Supplied material below:

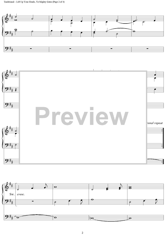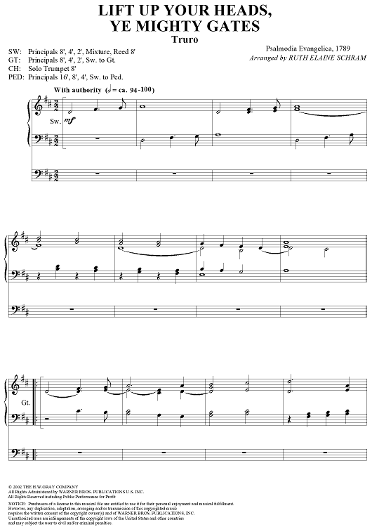 Digital Sheet Music for Lift Up Your Heads, Ye Mighty Gates by Ruth Elaine Schram scored for Organ Solo; id:291164
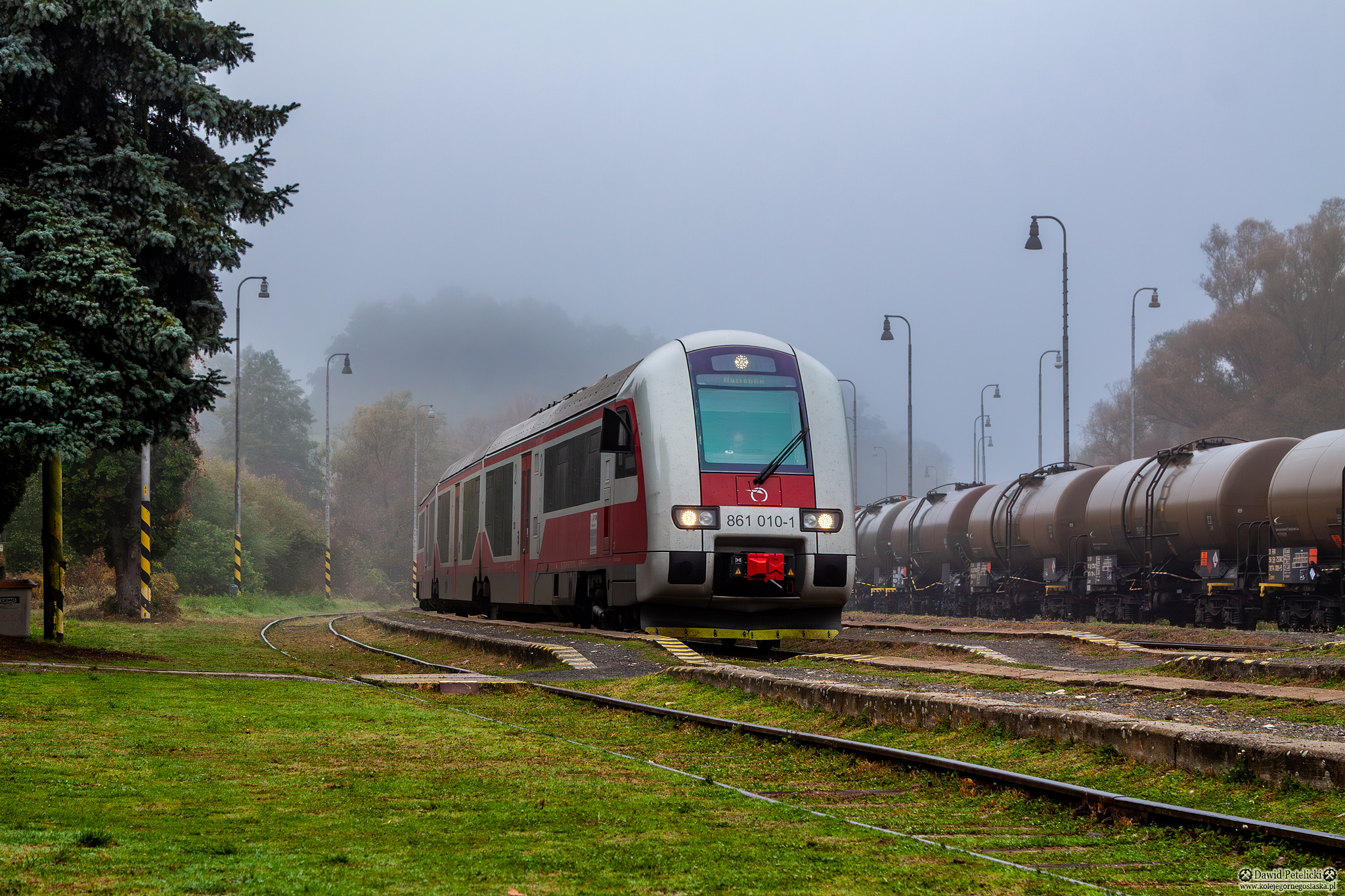 ZSSK czerwono - biało - szare [ZSSK] Linia Kolejowa SK 107D poc nr 9111 861.010 Słowacja jesień osobowy mgła
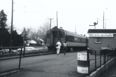On Monday, November 22 I rode #58 into Montreal for the last time. After arriving Central Station, I walked through the underground shops of Place Bonaventure to Windsor Station, where I boarded #160 for Quebec. The train was a single RDC-2 9305, still with CP red trim. Seats had been installed in what had been the baggage compartment, and from there I had a good view of the line ahead. We traveled at 75 mph much of the way on this single track signaled line which was relatively free of curves.
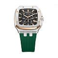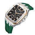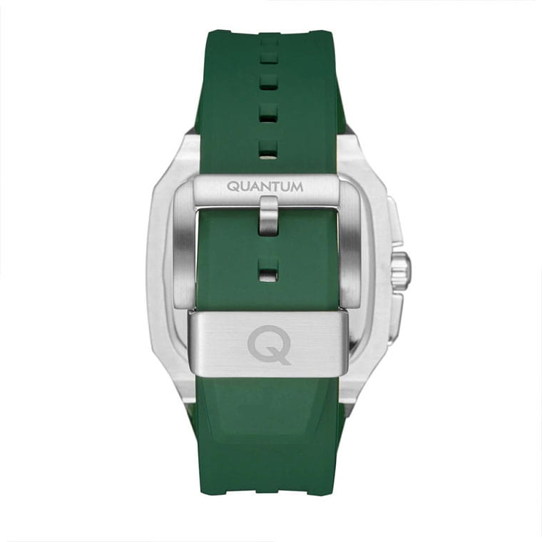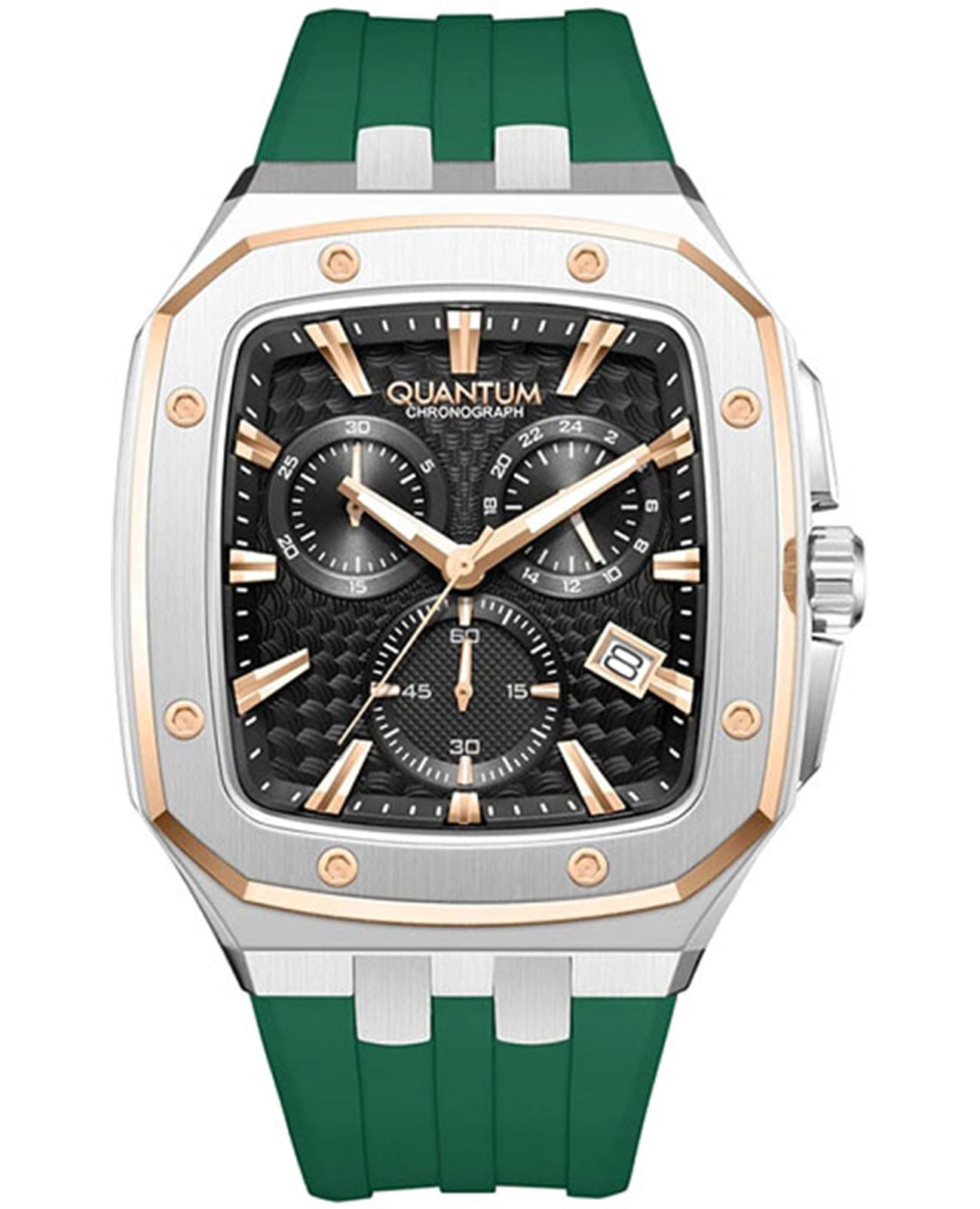 Мужские кварцевые часы Quantum из коллекции Hunter — стильный прямоугольный корпус размером 44 мм из нержавеющей стали. БезельБезельВнешний ободок, закрепляющий стекло. В спортивных часах так называется поворотное кольцо с делениями на циферблате, выполняет роль таймера – замеряет отрезки времени на шкале. Неподвижный безель – элемент декора. Однонаправленно вращающийся безель на дайверских часах позволяет фиксировать моменты погружения и выныривания на поверхность. с частичным PVD-покрытиемPVDУльтратонкое покрытие наносится в технике вакуумного напыления, сочетает в себе нитрид титана особой прочности со слоем золота или оксида хрома. Несёт в себе декоративную или защитную функцию., чёрный циферблат с функциями хронографаХронографФункция позволяет измерять отрезки времени с особой точностью: часы, минуты, секунды. Верным признаком хронографа является наличие на циферблате 3 дополнительных окошек-счётчиков., секундомера и окошком даты. Стекло — минеральноеМинеральное стеклоМинеральное стекло представляет собой искусственно выращенный минерал кварца. Такое стекло отличается особой устойчивостью к повреждениям и царапинам. Уступает по некоторым качествам сапфировому стеклу. с антибликовым покрытием. Механизм — японский кварцевый Seiko. Водонепроницаемость 100 м. Ремешок — зелёный силиконовый на стандартной застёжке. Идеальный выбор для тех, кто ценит турецкий дизайн и спортивный характер.

End of Supplied material.

Task brief | Everything from the opening line of the data through the line with "ZSSK czerwono - biało" should be repeated exactly; leave the pictures out.

Output |
 Digital Sheet Music for Lift Up Your Heads, Ye Mighty Gates by Ruth Elaine Schram scored for Organ Solo; id:291164
 ZSSK czerwono - biało - szare [ZSSK] Linia Kolejowa SK 107D poc nr 9111 861.010 Słowacja jesień osobowy mgła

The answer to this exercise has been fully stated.